Now, finally, my room is close to being empty, apart from those things that you can never pack until the last minute. It's a strange feeling, to be leaving for good, after the oh-so-cliched ups and downs that I've had here over the past few months. The best way to describe it is like the experiences you might get over a long period of time compressed into just a few months. I've made new friends who will be friends for life, I've explored new cities, ancient castles and surrounding countryside, I've spent many a happy afternoon in a cafe, and lots of wonderful evenings out in Perpignan or in with my friends. You couldn't exactly say that Perpignan has a lively nightlife, its range of bars and clubs is hardly extensive, and I still do not like Boca Boca, but I've got some very good memories, of drinking cider in the Irish pub, of dancing in Tio's, and of just lying on Fiona's bed watching countless films and eating chocolate.
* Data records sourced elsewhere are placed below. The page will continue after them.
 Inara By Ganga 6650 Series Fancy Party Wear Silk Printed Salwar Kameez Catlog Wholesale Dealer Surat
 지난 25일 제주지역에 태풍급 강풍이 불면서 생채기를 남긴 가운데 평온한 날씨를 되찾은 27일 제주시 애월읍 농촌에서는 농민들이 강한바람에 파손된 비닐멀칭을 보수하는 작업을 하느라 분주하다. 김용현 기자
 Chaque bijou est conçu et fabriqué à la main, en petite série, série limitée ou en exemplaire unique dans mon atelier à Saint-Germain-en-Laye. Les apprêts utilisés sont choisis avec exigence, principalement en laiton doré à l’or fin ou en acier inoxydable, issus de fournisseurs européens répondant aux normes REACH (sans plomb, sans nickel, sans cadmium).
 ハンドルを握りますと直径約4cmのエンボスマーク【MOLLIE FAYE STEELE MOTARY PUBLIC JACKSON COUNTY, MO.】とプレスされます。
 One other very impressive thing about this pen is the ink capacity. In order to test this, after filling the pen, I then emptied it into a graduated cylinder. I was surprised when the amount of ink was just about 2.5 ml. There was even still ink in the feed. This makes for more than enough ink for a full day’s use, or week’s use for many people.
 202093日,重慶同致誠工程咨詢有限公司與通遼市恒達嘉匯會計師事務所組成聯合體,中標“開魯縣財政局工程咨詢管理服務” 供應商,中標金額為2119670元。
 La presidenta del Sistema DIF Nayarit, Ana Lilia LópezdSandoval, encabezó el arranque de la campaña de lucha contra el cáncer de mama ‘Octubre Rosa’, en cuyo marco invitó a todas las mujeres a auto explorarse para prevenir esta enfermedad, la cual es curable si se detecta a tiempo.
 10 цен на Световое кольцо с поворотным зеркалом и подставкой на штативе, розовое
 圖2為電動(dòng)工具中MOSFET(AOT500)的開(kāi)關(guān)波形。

There are quite a few things I will not miss: the crazy French working hours, the lack of facilities at the uni, the poor quality of teaching (excepting a couple of good classes), the dog poo everywhere, Jean-Claude in the flat upstairs with his constant berating, and noise, and various family members making far too much noise early on a weekend morning. It's funny to think that, not very long ago, I imagined myself living in France permanently in a few years' time. After these four months, I couldn't imagine ever wanting to. That's not to say I've had a bad time, or that I won't be a frequent visitor to France, but my romanticised view of it wasn't quite the reality. I loved the idea of living on a quaint little street with narrow pavements, until I realised that it's actually impossible to walk down those pavements, because they're too narrow, too uneven, and covered in dog poo. I love Britain in a way that I never used to, I have an attachement to my native country that I never knew I had. France has so much to recommend it, but it is just so exasperatingly, incomprehensibly French! That sounds stupid and pretty obvious, I know, but that's the only way I can explain it. I love it from a distance, and I even appreciate bits of it up close, but as a permanent home, it's just too much.

This is it then, I'm going home. In a few weeks I'll be starting this whole daunting process all over again in Oviedo, Spain. But for now, all that remains is to say: Au revoir, Perpignan, and thank you for the experiences.